Last year, a prominent art blogger attended a collaborative “performance art dance opera” that I was a part of and tweeted about it that “everybody here just loves everybody too much.”
This is a fair criticism of “performance art communities” in Brooklyn and beyond; there does seem to be a kind of unreasonable bond, or faith-based practice, of love when all else fails. Like Bertrand Russell famously said, love is an “absolute value,” transcending and often revolutionizing “relative values” like salability, rationality, scientific factuality, and empiric existence. Yet, “absolutism” is a dangerous location, and claims to transcendence or revolutionary identity are often myopic and coercive.
Such “absolutist” love is also disgusting to others, problematically exclusive, naïve, even cult-like, far too similar to Mennonite missionary service: when we express universalist, even “liberal” love, we are essentially saying only that we want others to “be like us,” or we (falsely) imagine that “everyone is already the same.”
Feeding directly into neo-liberal hegemonies, certain universalisms and kumbayah circles of the faithful can easily (and usually do) reinforce the extractive modes of reproduction dependent on white supremacy, patriarchy, and capitalist democracy.
Thus, love is not of much help to us if we seek complex, agonistic, respectful, and relative modes of (e)valuation, ethical collaboration, and responsive community healing.
Yet, in many ways, love drives our last-ditch efforts to keep going when all other “practical” justifications and rhetorics have failed. “Love” is the word we use for unreasonable and illogical loyalty to artistic practice, when it makes no money, when it earns us no accolades, when forms-of-life are deemed dysfunctional by everyone else, love is all we have left.
THIS IS OUR LAST CHANCE
Behind the contemporary conservativism and absolutist coercion of Midwestern Mennonites, is a history of oppression and exclusion from European cultures. Mennonites were once refugees themselves, and continue to conflate the housing of refugees and the welcoming of “other” cultures (as well as being some the first Christian congregations to welcome LBGT members and have women and LGBT pastors) with “doing good.” A bundle of nerves is exposed here, flaying bare some strains of cultural assumption, in the costume of a “do-gooder,” who indeed has ulterior (dangerous, unseen-by-the-agent) motives behind their seemingly-altruistic behaviors (i.e. feeding the zombie power of Jesus with the bodies of the living).

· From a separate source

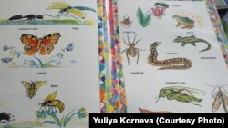 Прошу Наталью почитать нам шорскую азбуку: "Муравей – қымысқаш, бабочка – қонақ, оса – оос, муха – падат, лягушка – пага, ящерица – келескен, змея – чылан".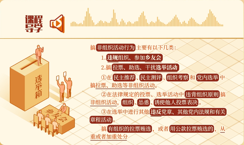 黨內(nèi)選舉是黨內(nèi)政治生活的重要組成部分?!蛾P(guān)于新形勢下黨內(nèi)政治生活的若干準(zhǔn)則》規(guī)定,黨內(nèi)選舉必須體現(xiàn)選舉人意志,堅(jiān)決防止和查處拉票賄選等行為。在選舉活動中搞非組織活動,干擾選舉人表達(dá)選舉意愿,侵犯其他被選舉人權(quán)益,侵蝕黨內(nèi)政治文化,在黨員群眾中造成不良影響,對這類違反組織紀(jì)律的行為必須予以堅(jiān)決懲治。

We must ask ourselves how our behaviors differ from those of missionizing Christians; how we can claim “goodness” without any dominating, colonizing, and coercive values?
By “ourselves” I mean anyone interested in or currently reading this essay, solely.

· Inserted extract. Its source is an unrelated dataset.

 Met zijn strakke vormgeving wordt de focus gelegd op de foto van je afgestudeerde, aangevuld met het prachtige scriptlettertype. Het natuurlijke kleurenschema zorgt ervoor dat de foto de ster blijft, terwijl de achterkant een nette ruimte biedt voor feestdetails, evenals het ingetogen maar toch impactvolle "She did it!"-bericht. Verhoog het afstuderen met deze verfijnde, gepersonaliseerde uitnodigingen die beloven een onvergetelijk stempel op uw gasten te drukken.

3: LIBERATION ECONOMICS AND LABORS OF LOVE
I wanted to discuss how capitalism is most threatened by any re-assignment of forms of value. It is, in short, threatened by “values” that drive human action outside of existing markets without that market’s consent.
Here indeed, “love” may be framed as a contagion of the hegemonic body politic, infecting functioning metabolisms of coercion and extraction with “embodied” desires and subjectivities. By making decisions based on “love over money,” we fail to maintain the structural integrity of universal/homogeonizing systems of value.
I wanted to write, as Adriana once recommended, about awe.
Emily Oliviera’s performance: “radical queer love is the antidote to global capitalism”
I wanted to need others, but I am always afraid they are going to try and convert me, if not to their ways of seeing, then to their ways of loving. What if I can’t do it right? What if I don’t believe? What if what is felt by one as love, is felt as repression by another? What if love suffocates us in a flammable grey felt of feel and we can’t reasonably see ourselves enough to know when we are rolling right into the fire?